= 2006 FIVB Women's Volleyball World Championship qualification (CAVB) =

The CAVB qualification for the 2006 FIVB Women's Volleyball World Championship saw member nations compete for three places at the finals in Japan.

==Draw==
13 CAVB national teams entered qualification. The teams were distributed according to their position in the FIVB Senior Women's Rankings as of 15 January 2004 using the serpentine system for their distribution. (Rankings shown in brackets)

- First round

| Pool A | Pool B | Pool C |
|---|---|---|
| Egypt (18) Nigeria (38) Botswana (—) South Africa (—) | Kenya (23) Algeria (33) DR Congo (56) Congo (—) Eritrea (—) | Cameroon (26) Tunisia (30) Mauritius (66) Uganda (—) |

==First round==
===Pool A===
- Venue: EGY Abdullah Al-Faisal Hall, Cairo, Egypt
- Dates: March 17–19, 2005
- All times are Eastern European Time (UTC+02:00)

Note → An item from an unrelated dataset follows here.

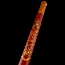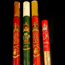 Polychromed wood painted with the state imperial crown over the ERVII cypher and coronation regalia, as carried by the former naval and military officers who acted marshals known as Gold Staff Officers (GSOs) in Westminster Abbey on Coronation Day.

| Pos | Team | Pld | W | L | Pts | SW | SL | SR | SPW | SPL | SPR |
|---|---|---|---|---|---|---|---|---|---|---|---|
| 1 | Egypt | 3 | 3 | 0 | 6 | 9 | 0 | MAX | 225 | 93 | 2.419 |
| 2 | Nigeria | 3 | 2 | 1 | 5 | 6 | 4 | 1.500 | 215 | 211 | 1.019 |
| 3 | South Africa | 3 | 1 | 2 | 4 | 4 | 6 | 0.667 | 199 | 213 | 0.934 |
| 4 | Botswana | 3 | 0 | 3 | 3 | 0 | 9 | 0.000 | 103 | 225 | 0.458 |

| Date | Time |  | Score |  | Set 1 | Set 2 | Set 3 | Set 4 | Set 5 | Total | Report |
|---|---|---|---|---|---|---|---|---|---|---|---|
| 17 Mar | 16:00 | South Africa | 1–3 | Nigeria | 25–21 | 23–25 | 19–25 | 24–26 |  | 91–97 | Report |
| 17 Mar | 19:00 | Egypt | 3–0 | Botswana | 25–2 | 25–10 | 25–5 |  |  | 75–17 | Report |
| 18 Mar | 16:00 | Botswana | 0–3 | Nigeria | 13–25 | 10–25 | 22–25 |  |  | 45–75 | Report |
| 18 Mar | 18:00 | Egypt | 3–0 | South Africa | 25–12 | 25–12 | 25–9 |  |  | 75–33 | Report |
| 19 Mar | 16:00 | South Africa | 3–0 | Botswana | 25–15 | 25–19 | 25–7 |  |  | 75–41 | Report |
| 19 Mar | 18:00 | Nigeria | 0–3 | Egypt | 15–25 | 14–25 | 14–25 |  |  | 43–75 | Report |

===Pool B===
- Venue: KEN Kasarani Hall, Nairobi, Kenya
- Dates: July 20–24, 2005
- All times are East Africa Time (UTC+03:00)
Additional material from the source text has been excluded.